Breaking Quadratic Barriers: A Non-Attention LLM for Ultra-Long Context Horizons

https://arxiv.org/abs/2506.01963

70•PaulHoule•7mo ago

Comments

zoklet-enjoyer•7mo ago

I don't know what those words mean, but I am excited for the possibilities.

PaulHoule•7mo ago

LLMs can look back over a certain number (N) of tokens, which roughly correspond to words. For instance if you want to summarize or answer questions about a document accurately the length of the document has to be less than N.

Conventionally they use an attention mechanism that compares every token to every other token which has a cost of N*N or N squared which is quadratic. If you want LLMs to chew over a huge amount of context (all the source code for your project) it’s a problem so people are looking for ways around this.

zoklet-enjoyer•7mo ago

Thank you for that explanation

rybosome•7mo ago

Adding to that excellent high level explanation of what the attention mechanism is, I’d add (from my reading of the abstract of this paper);

This work builds a model that has the ability to “remember” parts of its previous input when generating and processing new input, and has part of its intelligence devoted to determining what is relevant to remember.

This is in lieu of kind of saying “I need to keep re-reading what I’ve already read and said to keep going”.
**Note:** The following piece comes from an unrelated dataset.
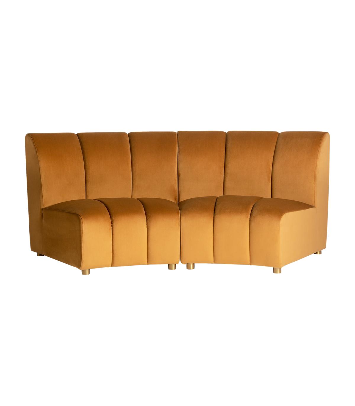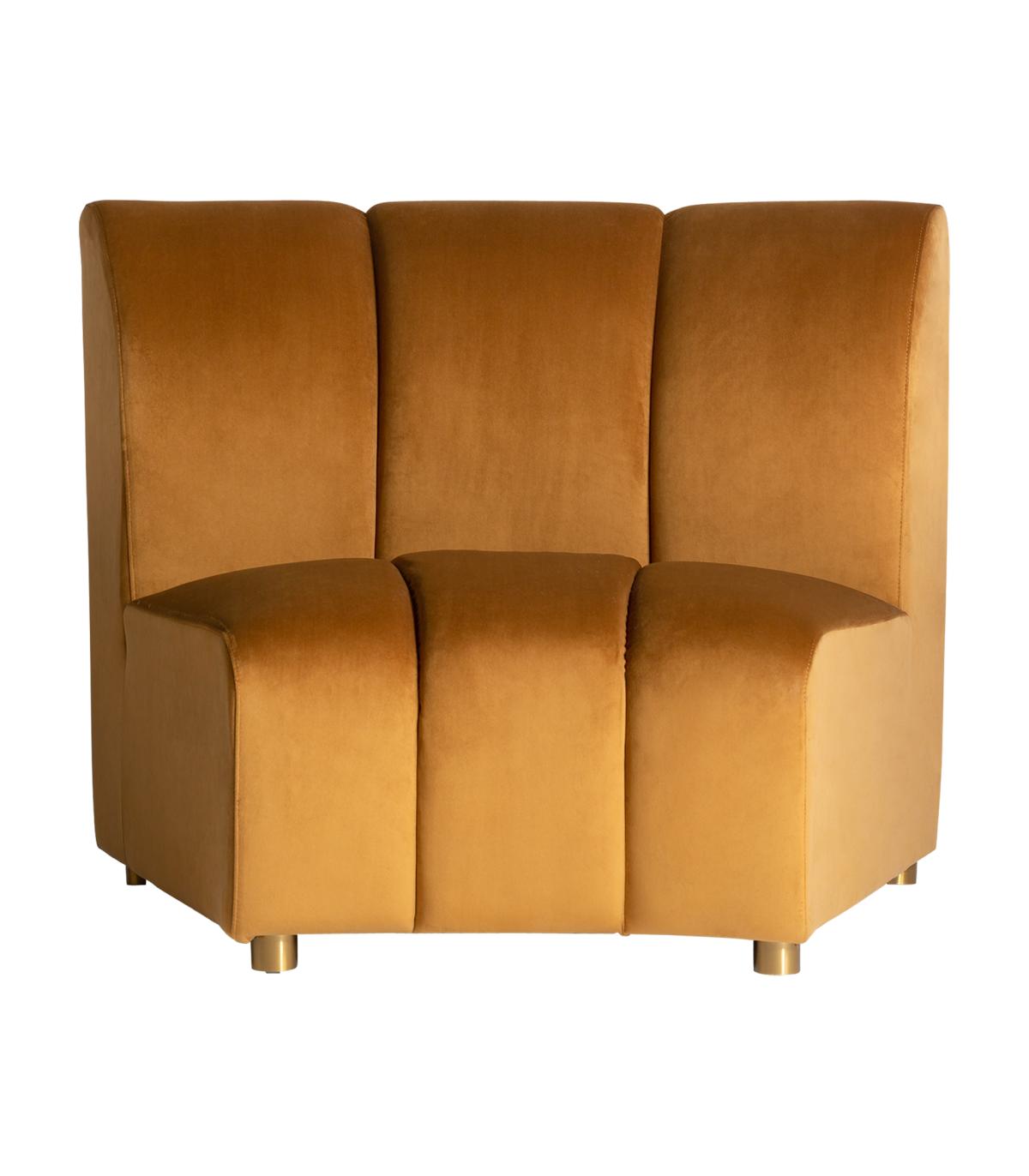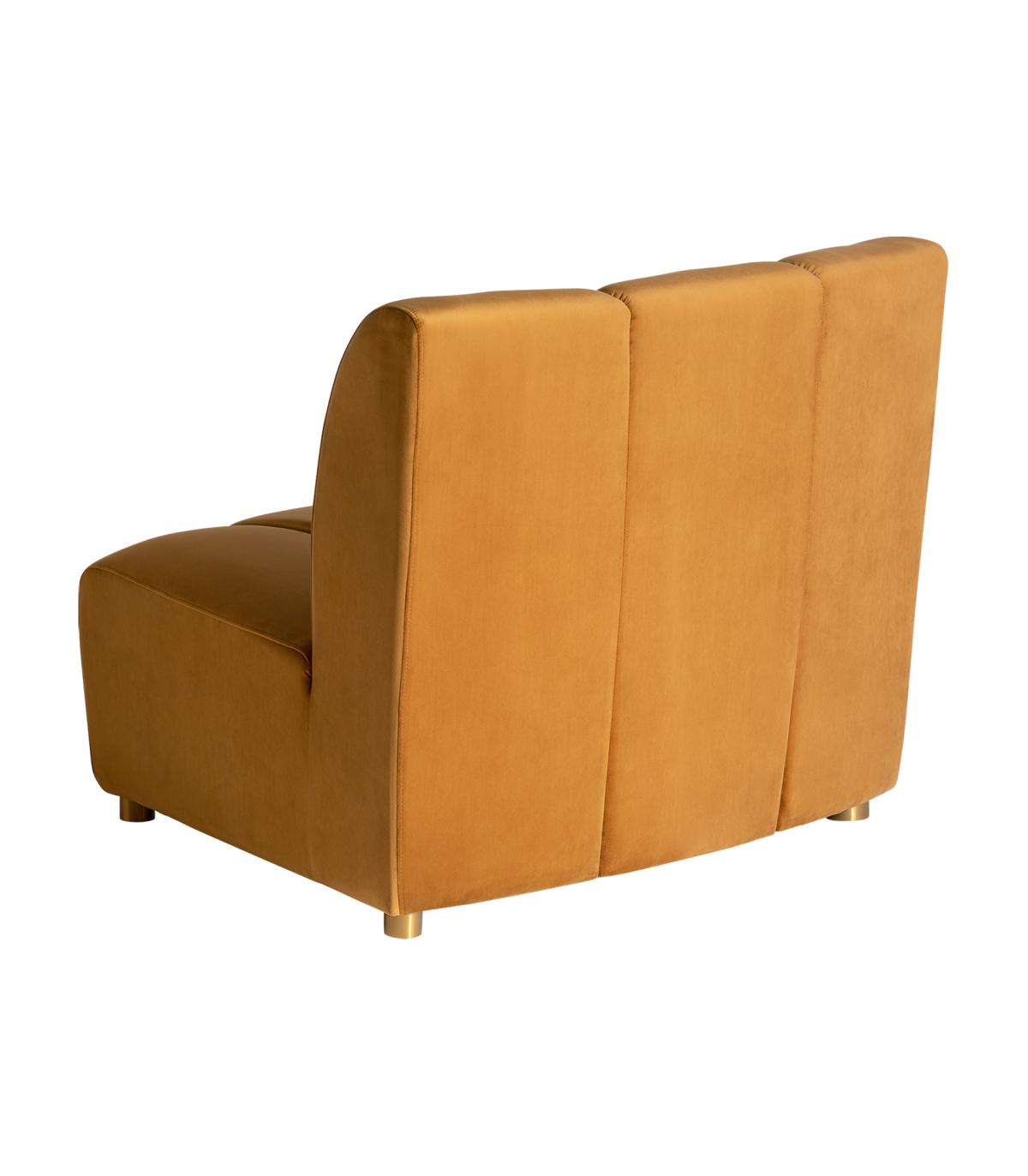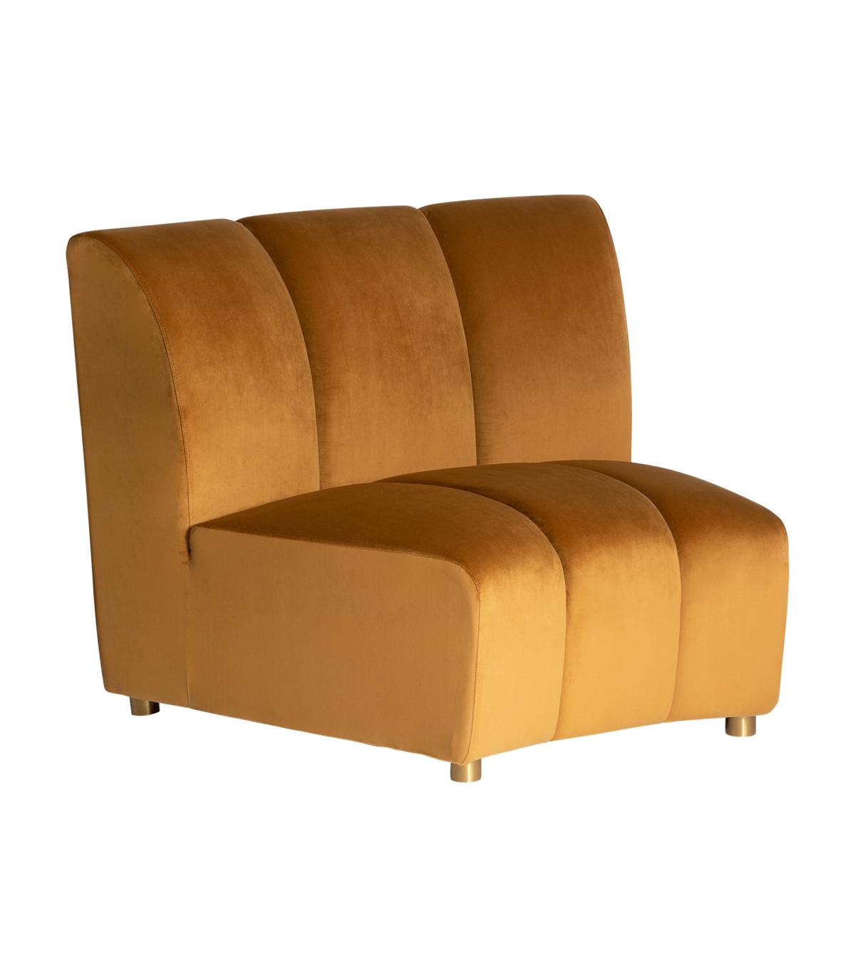 Módulo sofá central Shul de estilo art deco fabricado en terciopelo en color mostaza combinado con espuma y poliéster.

I’d welcome better explanations. :)

Icko_•7mo ago

Not even that. With KV-caching, it's linear with the size of the context; and if someone figured out a way to have e.g. NlogN complexity, I imagine with KV-caching it may go down to logN complexity. (If the new algorithm permits that.)

yorwba•7mo ago

When people say that attention is quadratic, they mean that the cost to process n tokens is O(n²), so the amortized cost per token is indeed O(n). KV-caching is a way to maintain that amortized cost when appending tokens one at a time instead of ingesting the whole sequence at once. But in the end people want to be able to generate multiple tokens, so we're back at O(n²) total time again.

IIRC there are some FFT-based attention alternatives where encoding has complexity O(n log n), but there's no feasible way to cache anything and after appending a single token it costs O(n log n) again, so if you generate n tokens in sequence, the cost is actually O(n² log n).

imranq•7mo ago

I like the idea of removing quadratic scaling for attention, this paper has thin experimental support. No real tasks tested beyond perplexity. Nothing on reasoning, retrieval QA, or summarization quality. Even in perplexity the gains are marginal.

However it removes attention so I think its worth watching that space of non-attention models

yorwba•7mo ago

This paper seems rather unfocused, explaining their architecture three times with slight variations while managing to omit crucial details like how exactly they compute gradients for their "External Retrieval Memory."

Also, the section on DeepSeek is really weird: "While the precise architectural details of DeepSeek LLM are still emerging, early discussions suggest that it relies on an extended Transformer backbone or a "hybrid" approach that likely incorporates some form of attention-based mechanism, potentially at specific layers or across chunk boundaries, to facilitate information flow across large contexts." It makes it sound like a mystery, even though there have been multiple papers published on it (they cite the R1 one) so that there's really no need to guess whether attention is involved.

Overall I'm not convinced the authors know what they're doing.

roxolotl•7mo ago

Would you say they aren’t paying attention?

cubefox•7mo ago

I think it's fair to say they are explicitly avoiding attention.

NitpickLawyer•7mo ago

Hate to be that guy, but this screams LLM-generated to me. Between the titles, the vague explanations, the vague concepts, and the overall amount of fluff to data, I'd bet good money that this was generated with an LLM.

It's not inherently bad to use an LLM for consistency, language and overall sprucing up, but this is taking it a bit too far. It seems like they've prompted it to explain some notes, but it's unsure how well it did, since the notes themselves (i.e. data, experiments, etc) are missing. And it seems poorly prompted in that it consists of lots of fluff paragraphs, devoid of core knowledge, going round and round explaining the same concepts with different words.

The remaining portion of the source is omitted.